Chi sono gli uomini e le donne che hai incontrato durante i tuoi reportage nel sud-est asiatico, quasi 20 anni dopo lo tsunami?
Poco più di un anno fa mi sono recato nell'isola di Koh Phayam, una piccola isola attaccata alla provincia di Ranong, in Thailandia, di fronte alla Birmania. Circa 500 abitanti, tailandesi, birmani e chaolay popolano quest'isola di 20 km². All'estremità dell'isola, dall'altra parte del fiume, vivono i Moken, un gruppo nomade originario dei mari dell'Asia. Cercavo questa comunità che ha il mare come casa. Un nativo che parlava un po' di inglese mi ha spiegato dove vivevano. In questo villaggio ho visto circa 150 persone: vivono ancora 45 famiglie e 50 bambini sotto i 15 anni.
In origine i Moken sono vagabondi del mare, zingari dell'oceano, “zingari” del mare aperto. Sono ottimi pescatori. Prima vivevano per molti mesi sulle loro barche kabang (ndr: tradizionali barche di legno), sbarcando solo per vendere il pescato, rifornirsi e tornare in mare. Quando iniziava il monsone, si rifugiavano sull'isola, lungo la costa. e trascorsero questo tempo a riparare le reti e le barche. Ma lo tsunami ha cambiato tutto: l’ondata ha ucciso quasi 5.400 persone in Thailandia. Non sappiamo quanti Moken risultano dispersi, ma molti sono morti, questo è certo. E persero anche le barche che erano le loro case.

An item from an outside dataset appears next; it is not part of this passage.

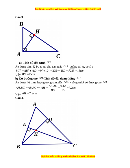 AH.BC A . B AC AH 7 , 2cm BC 15 V y ậ AH 7 ,2cm Câu 4.

Concretamente cosa hanno fatto dopo che è passata l'ondata del 26 dicembre 2004?
Hanno dovuto trovare “una grande roccia” per ripararsi, rifugiarsi… Lo tsunami ha quindi avuto l'effetto di farli stabilirsi su quest'isola di Koh Phayam. Perché sono ancora lì! Questo insediamento ha cambiato le loro vite poiché i giovani nati da allora non vogliono più diventare marinai. Prima vivevano sempre in mare, quindi non si ponevano la domanda. Tra i Moken eravamo marinai di padre in figlio. Ho visto ragazzi Moken con il cellulare che, evidentemente, non vedono più il loro futuro nel mare e nella pesca. Quindi lo tsunami ha cambiato il destino di queste popolazioni che rischiano l’estinzione. L'onda ha rotto almeno il loro legame con la pesca.

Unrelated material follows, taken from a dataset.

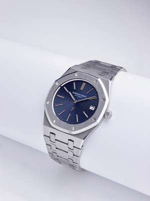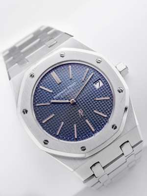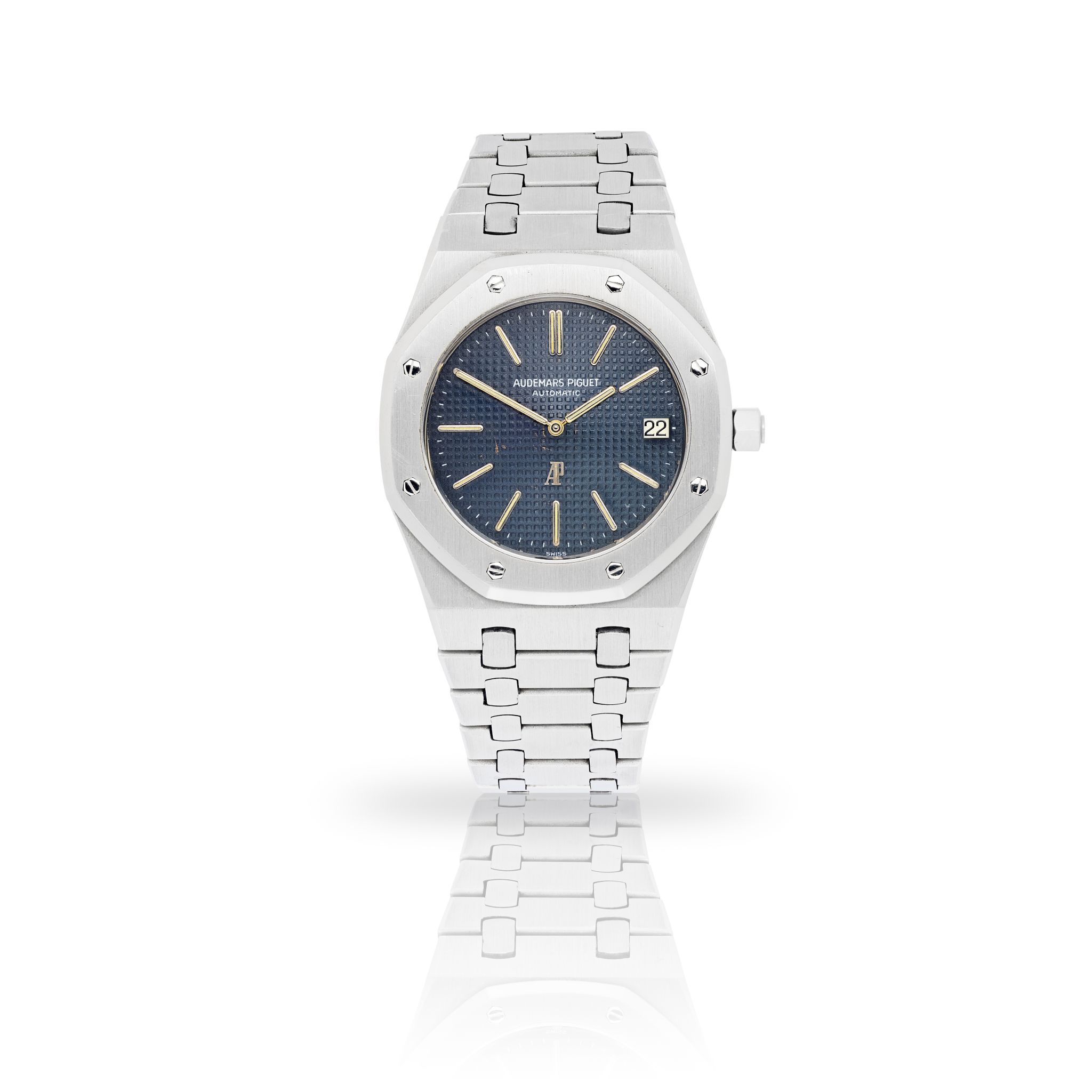 A-series model 5402ST, stainless steel case, automatic movement, c.1972, signed dark blue tapisserie dial with applied stainless steel baton hour markers with lume inserts, date aperture at 3, stainless steel pencil hands with lume inserts, octagonal bezel with screwheads, hexagonal crown with AP logo, the caseback with Royal Oak No. A 1485, on an integrated stainless steel bracelet strap formed by tapering flat bar links joined by smaller perpendicular rounded rectangular links, with a signed foldover clasp with BREVETE, AUDEMARS PIGUET & CO., SWISS STEEL, INOX SWISS MADE to the interior, no box and papers, with branded service-style cardboard box

Continuano ancora a convivere con l’oceano?
Non riescono più a guadagnarsi da vivere dignitosamente grazie alla pesca perché, dopo lo tsunami, non sono stati in grado di ricostruire la loro flotta. E lì, in questi mari, la pesca è sotto il governo cinese, quindi, quando vogliono andare a pescare, hanno solo le loro piccolissime imbarcazioni di fronte alle grandi unità cinesi che dragano tutto sul loro cammino. Nell'indifferenza generale…

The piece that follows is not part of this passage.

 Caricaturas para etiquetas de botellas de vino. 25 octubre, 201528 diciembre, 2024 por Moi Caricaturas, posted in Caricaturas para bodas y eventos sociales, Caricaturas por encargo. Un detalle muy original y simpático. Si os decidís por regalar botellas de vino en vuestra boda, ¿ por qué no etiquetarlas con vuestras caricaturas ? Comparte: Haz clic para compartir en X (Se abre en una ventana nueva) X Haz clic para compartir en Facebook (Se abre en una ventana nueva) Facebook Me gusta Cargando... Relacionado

Le autorità si stanno ancora prendendo cura del loro destino?
I Moken devono affrontare la mancanza di uno status di identità nazionale tailandese. Non hanno certificato di nascita poiché sono sempre stati nomadi del mare. L'accesso ai servizi a Koh Payam è sempre stato estremamente difficile. I bambini devono attraversare la foce del fiume durante l’alta marea su una zattera improvvisata per raggiungere la scuola. La generosità delle organizzazioni no-profit ha consentito la costruzione di un ponte di bambù nell’aprile 2021, ma da allora una tempesta ha distrutto questa costruzione. Per quanto riguarda il ponte di cemento che speravano, non è mai stato completato!
20 anni dopo lo tsunami, secondo te, il popolo Moken potrebbe scomparire?
Ci sono alcuni rari turisti che vengono al villaggio, il che può fornire un reddito aggiuntivo alle famiglie. Ma l’altro lato della medaglia è drammatico perché questo commercialismo distrugge la loro cultura. Il governo tailandese assicura che farà tutto il possibile per tutelare la loro tradizione ma… direi che è una questione da seguire. Spero che i diritti di questi Moken gettati lì dallo tsunami del 2004 vengano rispettati!